Collected data:
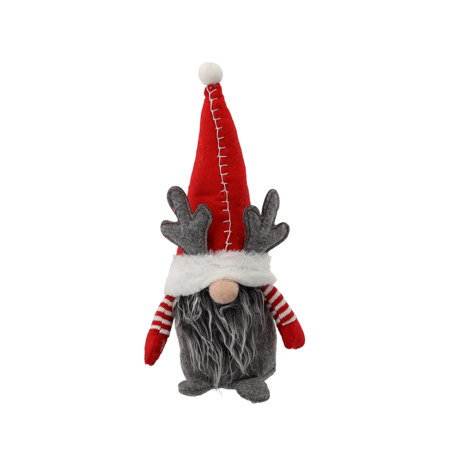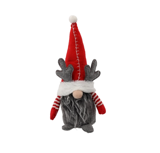 Ez a rénszarvas stílusú dekoratív manó magas, fehér szegélyű sapkájával, szürke agancsaival és hosszú, puha szakállával hívja fel magára a figyelmet. A puha textilanyagoknak és a gondos kidolgozásnak köszönhetően ideális szezonális dísz a nappaliba, előszobába vagy akár irodába is.
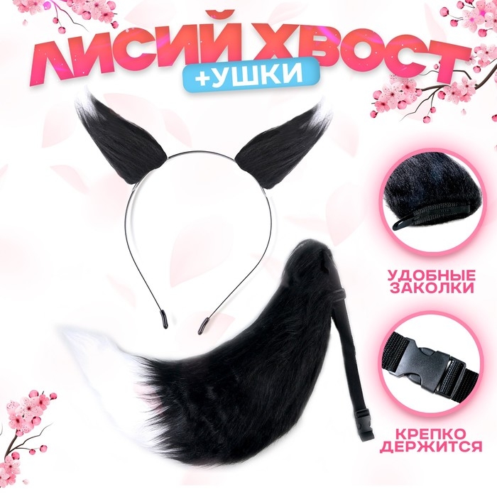 Карнавальный набор «Лиса аниме», чёрный, 2 предмета: хвост, ушки
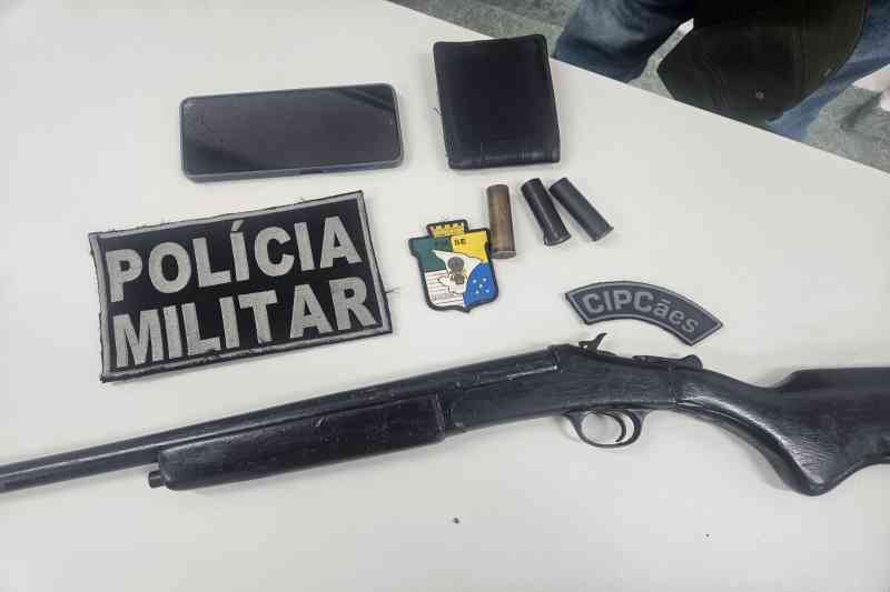 Ao chegarem no local, os policiais visualizaram um indivíduo com as características repassadas. Foi realizada a busca pessoal onde foi constatado que o suspeito portava uma espingarda.
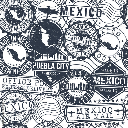 Puebla City Mexico Stamps Background. A City Stamp Vector Art. Set of Postal Passport Travel. Design Set Pattern.
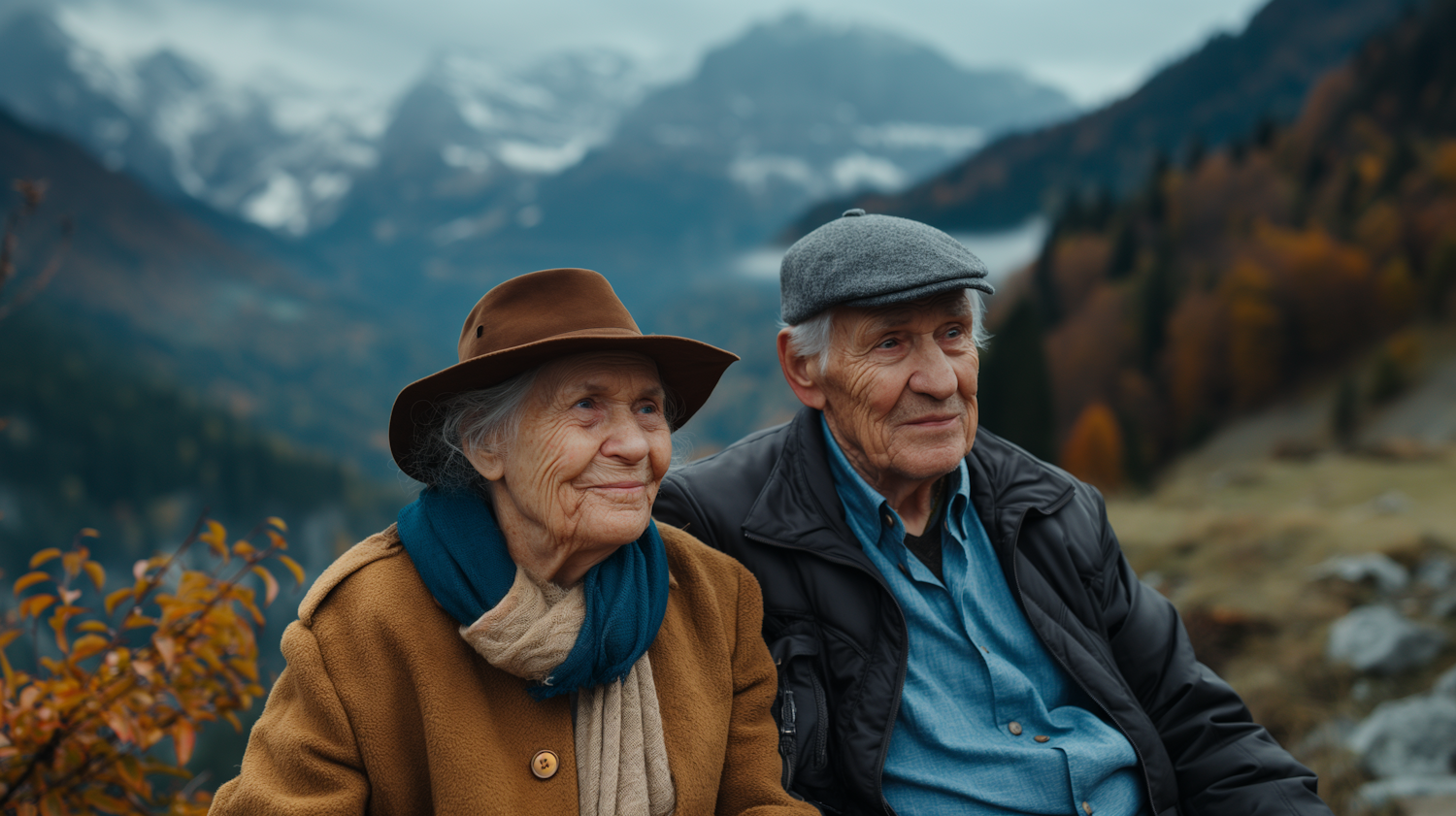 Elderly couple enjoying a serene mountain view, dressed warmly in hats and scarves, with autumn foliage in the background.
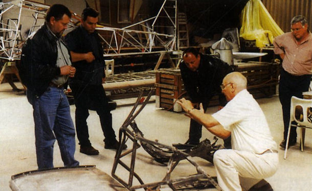 Fw 189 owner Jim Pearce (in white shirt) shows part of the aircraft’s nose glazing to Flug Werk’s Hans-Gunther Wildmoser (left), Hubert Hartmeir (2nd left) and Claus Colling (stooping beside Jim) in Sussex earlier this year.

**What to do:** From the records above, write out exactly the lines that begin at the line with "предмета: хвост, ушки" and end at the line with "Puebla City Mexico". Pictures must not appear in the output.

**Result of the exercise:**
 Карнавальный набор «Лиса аниме», чёрный, 2 предмета: хвост, ушки
 Ao chegarem no local, os policiais visualizaram um indivíduo com as características repassadas. Foi realizada a busca pessoal onde foi constatado que o suspeito portava uma espingarda.
 Puebla City Mexico Stamps Background. A City Stamp Vector Art. Set of Postal Passport Travel. Design Set Pattern.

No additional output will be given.